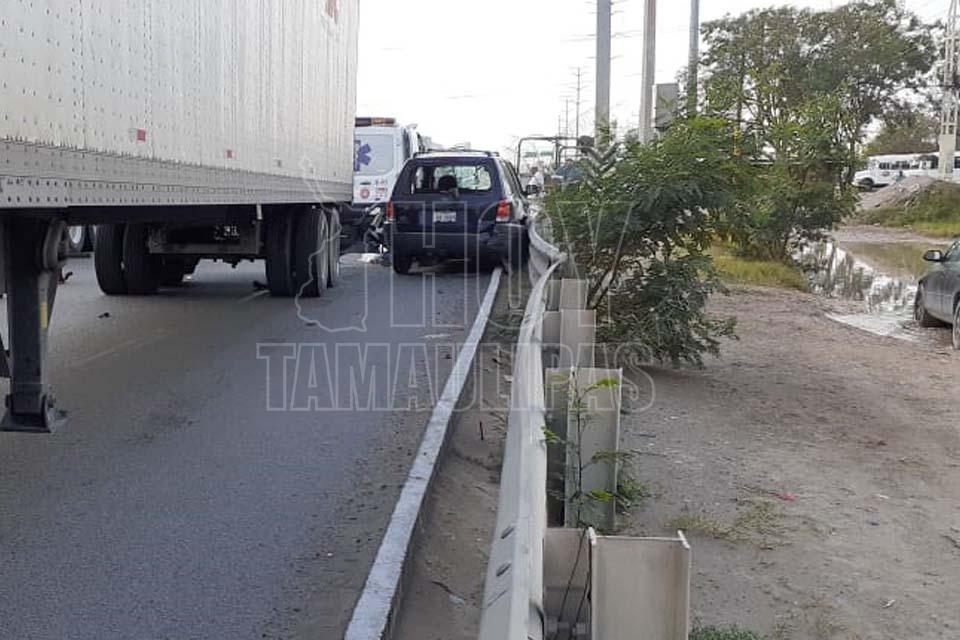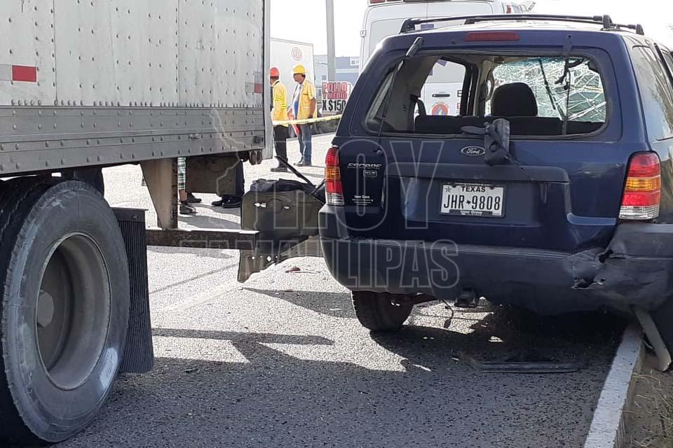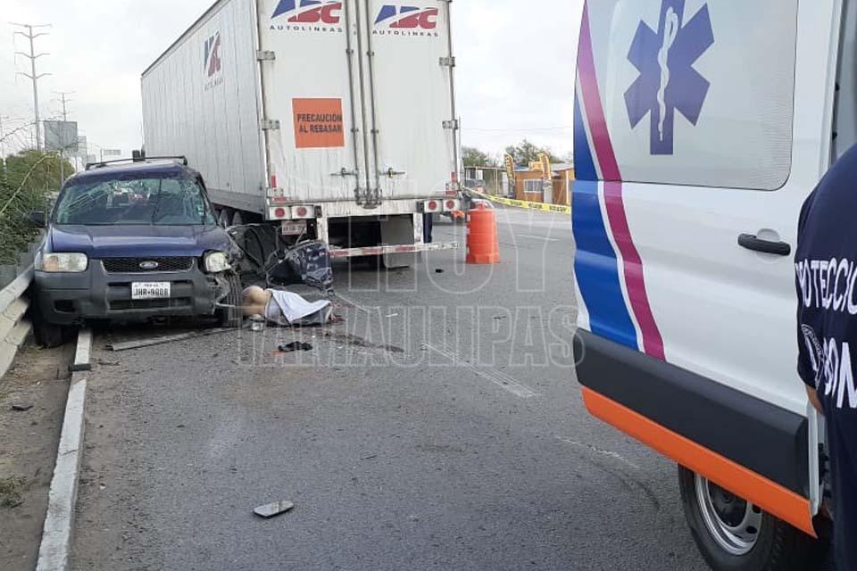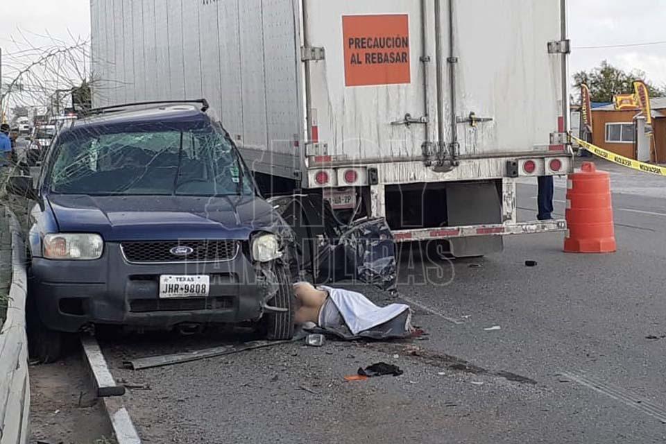 La conductora de una camioneta Ford Escape intentó rebasar a un tráiler, pero fue impactada por la pesada unidad, teniendo una muerte instantánea
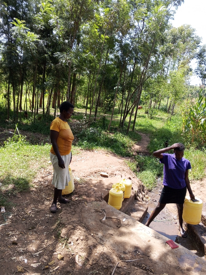 In the Borabu Chitago ward of Kenya, two adult females are present at a water collection point under clear daylight conditions
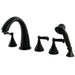 Kingston Tulare KS23655FLThree-Handle 5-Hole Deck Mount Roman Tub Faucet with Hand Shower, Oil Rubbed Bronze
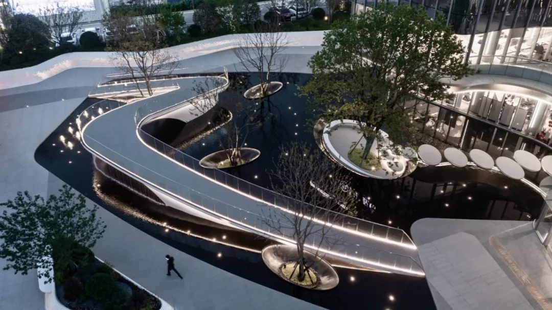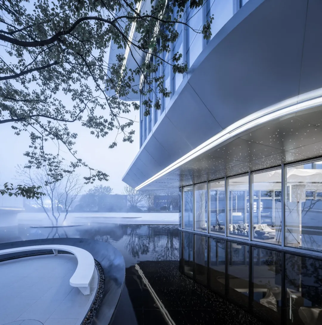 映入眼簾的是疊級大水景,倒映在星湖當中,打造強烈的視覺沖擊,增強場地記憶點,提升體驗感。
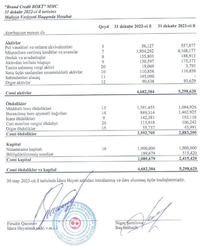 "Brand Credit BOKT" kiçilib, gəlirləri və mənfəəti azalıb
============================================================
Activity: Please write out the entire listing above exactly, but leave the pictures out.

Answer box:
 La conductora de una camioneta Ford Escape intentó rebasar a un tráiler, pero fue impactada por la pesada unidad, teniendo una muerte instantánea
 In the Borabu Chitago ward of Kenya, two adult females are present at a water collection point under clear daylight conditions
 Kingston Tulare KS23655FLThree-Handle 5-Hole Deck Mount Roman Tub Faucet with Hand Shower, Oil Rubbed Bronze
 映入眼簾的是疊級大水景,倒映在星湖當中,打造強烈的視覺沖擊,增強場地記憶點,提升體驗感。
 "Brand Credit BOKT" kiçilib, gəlirləri və mənfəəti azalıb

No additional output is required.